Alors, pour différer quelques peu la noirceur de mon caractère précédemment évoquer, j’alternerai, ceci pour votre repos quant à la considération que vous serez susceptible de m’attribuer sans mérite, voire avec regrets, j’alternerai donc en vous parlant ici de la banlieue qui m’a vu naître et à laquelle je serais tenté d’exiger une reconnaissance de la part de ses murs ; ceux qui garderont à jamais l’empreinte de mon court passage sur terre. Ce passage que je considère comme primordial au bien de l’humanité en général, et depuis ses débuts. Voyez et constatez encore, à votre faible guise, les paroles d’un vil prétentieux ; celui que je suis sans conteste mais que jamais je n’aurais l’indélicatesse d’amoindrir, ne serait-ce qu’une seule seconde. Au hasard de cette banlieue donc – Nogent, Le Perreux -, je découvre dans un premier temps ma victime ; un nommé Norbert Dubuisson.

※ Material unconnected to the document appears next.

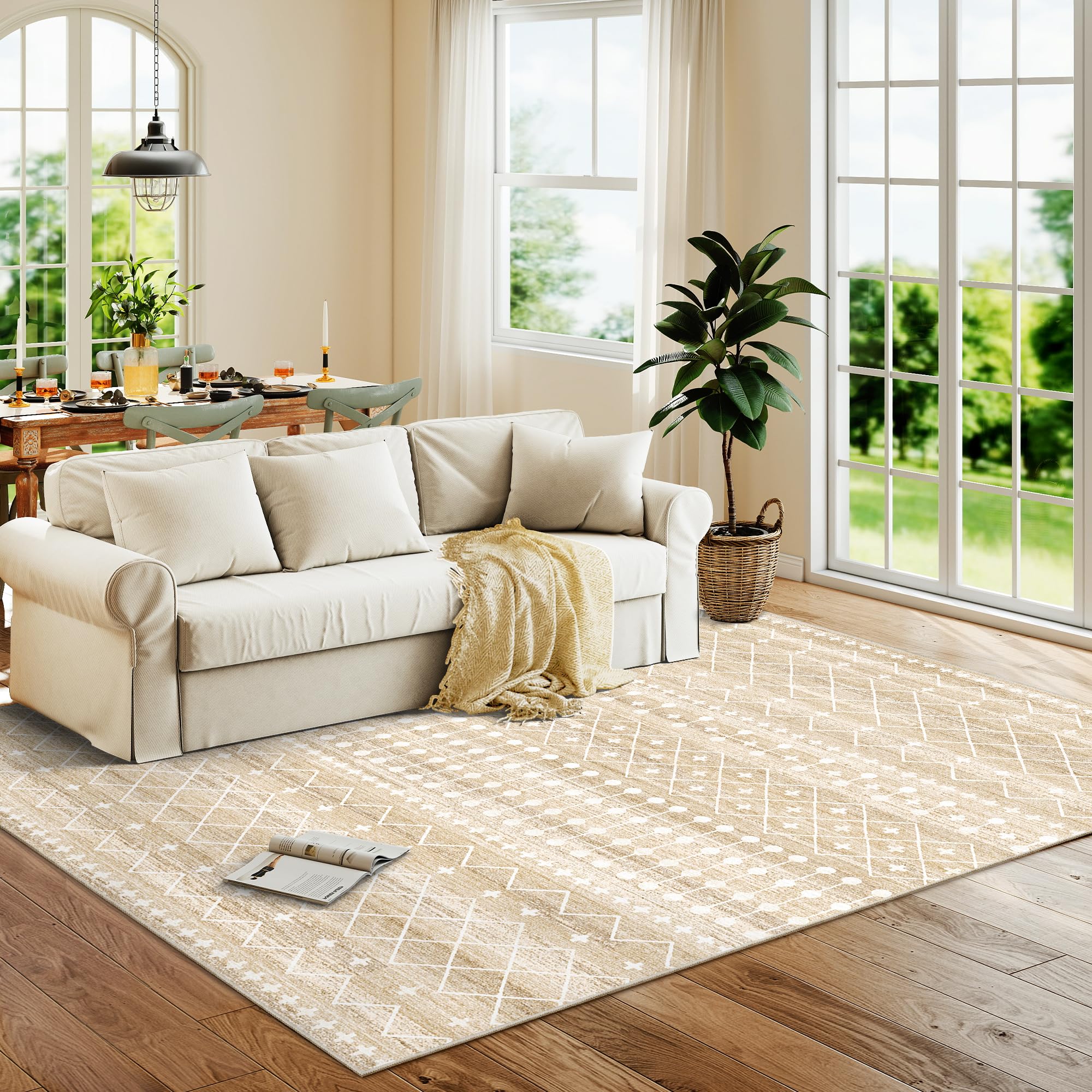 Non-Slip Backing Area Rug: Our rugs for living room features a non-slip TPR backing that helps keep the rug in place and securely fixed to the floor, reducing the risk of tripping.

Un ennemi d’école primaire qui me maîtrisa, à plusieurs reprises, dans la cour de récréation, jusqu’à me coller une raclée sous le préau. C’était en 1969 ; j’avais alors une relative notoriété tant auprès de mes camarades que des autres élèves de la classe, ainsi même sur l’ensemble de l’établissement, et ce type m’humilia ce jour devant au moins trente pairs d’yeux, et ceci de sa simple hégémonie physique. Il avait alors  quelques dix huit mois de plus que la terreur de ma personne.

A cette époque j’avais juré vengeance. Là, je retrouvais mon coupable ! Occasion rêvée de me satisfaire doublement ; premièrement pour ladite vengeance, certes retardataire, et deuxièmement pour mon nouveau stimulant dessein : celui d’occire un non innocent quidam à la base de mon plan.

Je le repère, je le repère deux fois et ce fut hélas, une  trop maladroite façon de repérer quelqu’un car, il m’adressa la parole, parole amicale de surcroît, durant l'émission de  laquelle aucune mention ne fut soulevée de nos friteries d’antan, et où je fus niais à ne jamais trahir ma détermination d’homicide. Ce qui ne facilita rien pour la suite de mon programme, lui ayant préalablement opté pour l’effet de surprise. Enfin, je mis au point une stratégie des lieux, des heures et des jours, ceci par fin espionnage, et je décidais ensuite le moment où j’allais frapper.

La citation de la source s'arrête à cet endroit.